Reproduce only the lines that begin at the line with "Weight: 4 kgs." and run to the end of the entries; omit every picture.
□ □ □ □ □ □ □
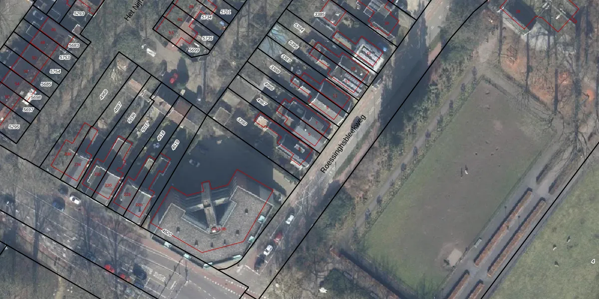 Het perceel waarop Roessinghsbleekweg 3 staat heeft een oppervlakte van 427 m². Dit is een groot perceel. De perceeloppervlakte wordt geregistreerd door het Kadaster. Gedetailleerde informatie over de maten van dit perceel kunt u vinden in het rapport Kadastrale kaart met maatvoering van Roessinghsbleekweg 3.
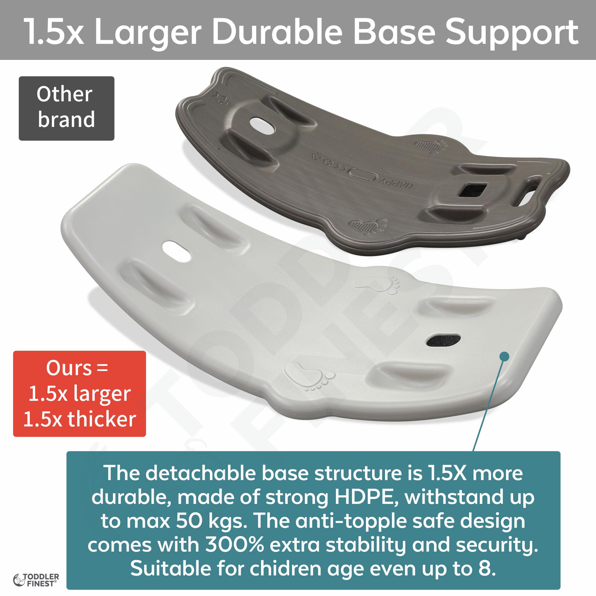 ❤️1.5X THICKER & LARGER, ERGONOMIC: Compared to other brands, our rocking horse comes with 2-sided enlarged surrounded wing design, for 1.5x better back support and spine protection. The safety seat is designed in 1.5X elongated U-shape, with built-in safety belt for good sitting posture development. The anti-slip / anti-overturn smart mechanism automatically balance swing force to ensure safety while riding. Product size: 77*88*51 cm. Weight: 4 kgs.
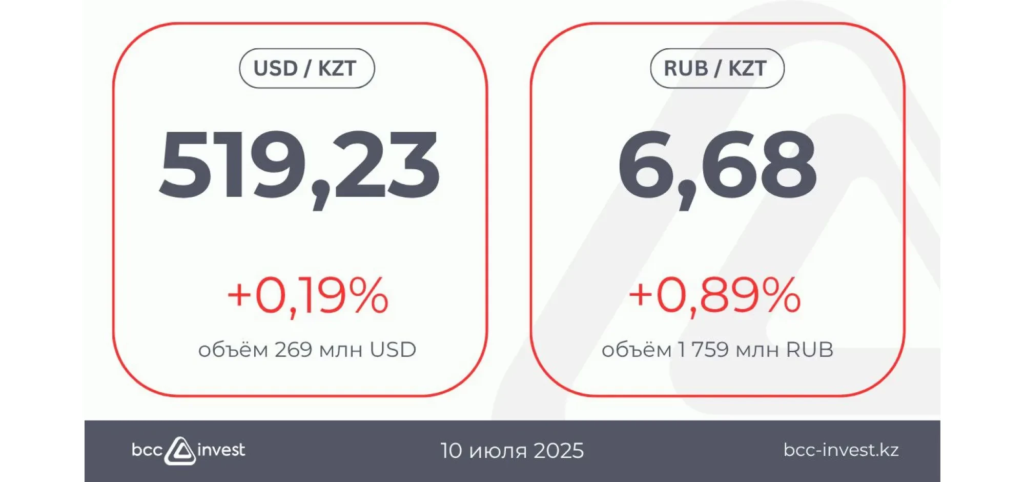 Бүгінгі сауданың нәтижесінде теңге әлсіреуін көрсетті: доллардың курсы 519,23 теңгеге дейін көтеріліп, +0,19%-ға өсті, ал рубль 6,68 теңгеге дейін көтерілді.
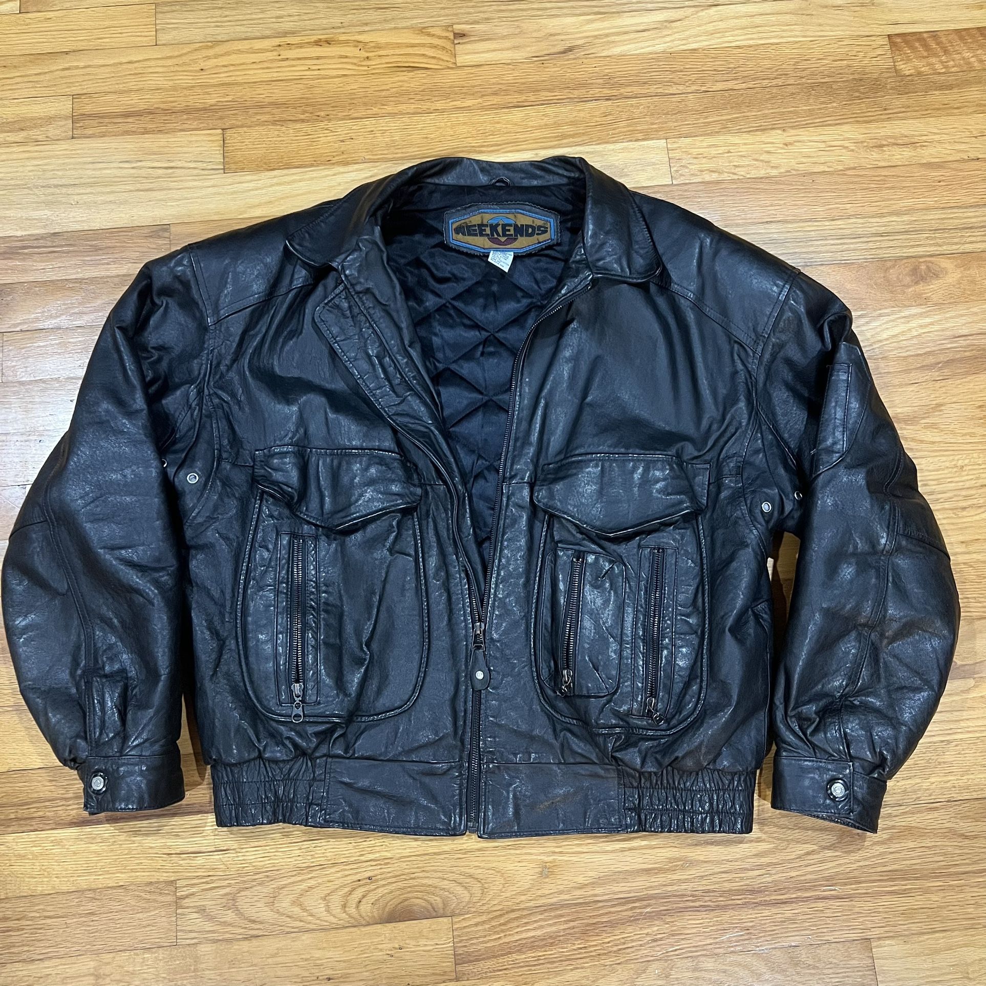 WEEKENDS boxy black leather bomber jacket with quilted lining and multiple pockets
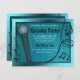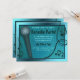 En roligt- och elpartiinbjudan som innehåller en mikrofon med musik noter. Inbjudan är underbart för en karaoke party för födelsedagar och andra firande. Inbjudan är ett glansigt blått färg med svarta accenter.
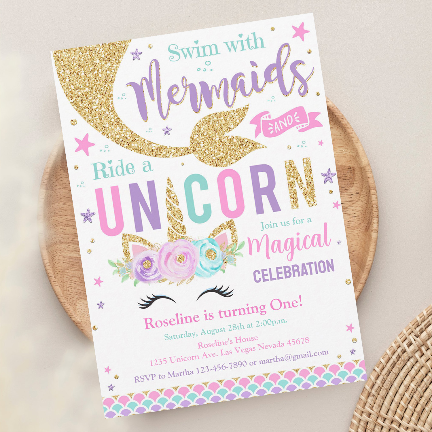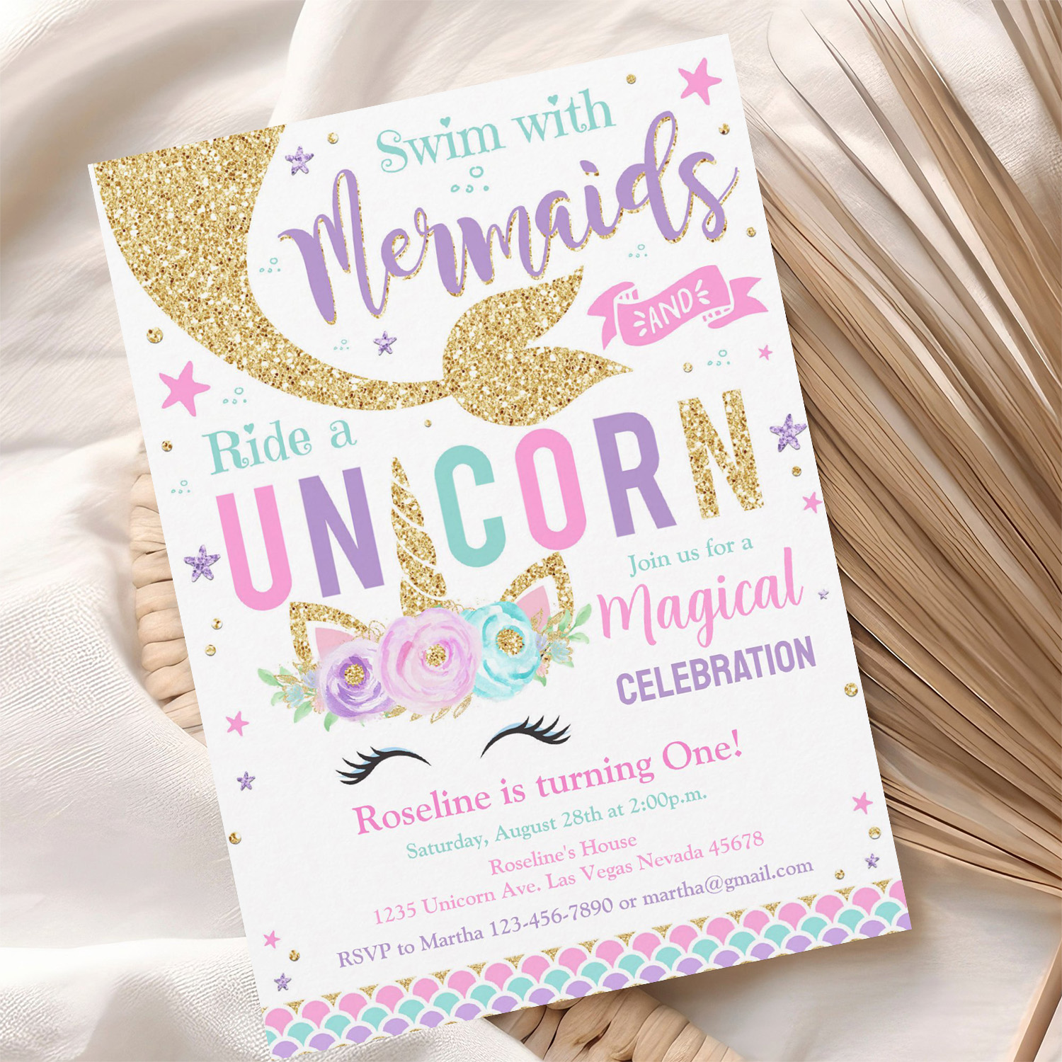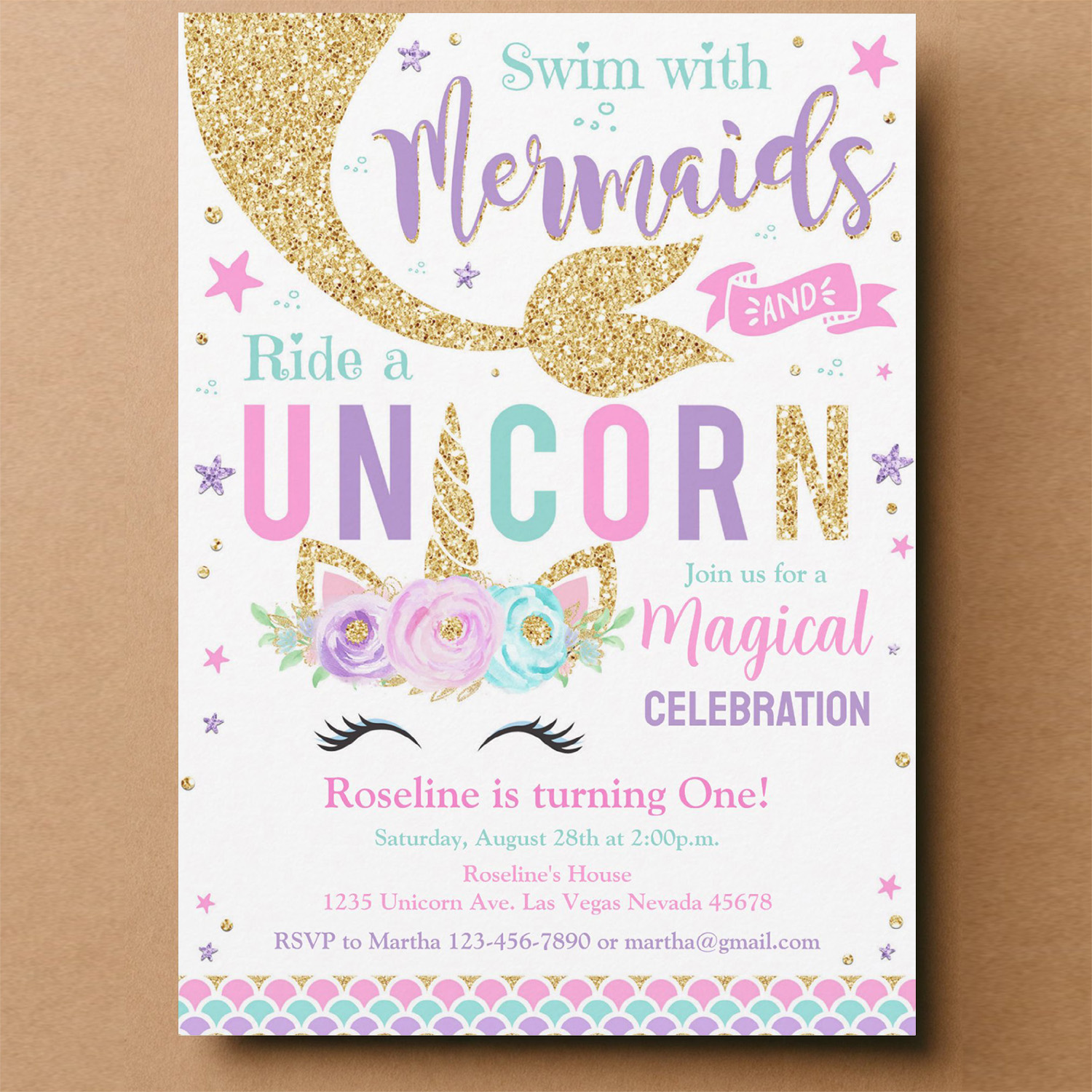 Mermaid And Unicorn Magical Birthday Invitation
□ □ □ □ □ □ □
OUTPUT BELOW:
 ❤️1.5X THICKER & LARGER, ERGONOMIC: Compared to other brands, our rocking horse comes with 2-sided enlarged surrounded wing design, for 1.5x better back support and spine protection. The safety seat is designed in 1.5X elongated U-shape, with built-in safety belt for good sitting posture development. The anti-slip / anti-overturn smart mechanism automatically balance swing force to ensure safety while riding. Product size: 77*88*51 cm. Weight: 4 kgs.
 Бүгінгі сауданың нәтижесінде теңге әлсіреуін көрсетті: доллардың курсы 519,23 теңгеге дейін көтеріліп, +0,19%-ға өсті, ал рубль 6,68 теңгеге дейін көтерілді.
 WEEKENDS boxy black leather bomber jacket with quilted lining and multiple pockets
 En roligt- och elpartiinbjudan som innehåller en mikrofon med musik noter. Inbjudan är underbart för en karaoke party för födelsedagar och andra firande. Inbjudan är ett glansigt blått färg med svarta accenter.
 Mermaid And Unicorn Magical Birthday Invitation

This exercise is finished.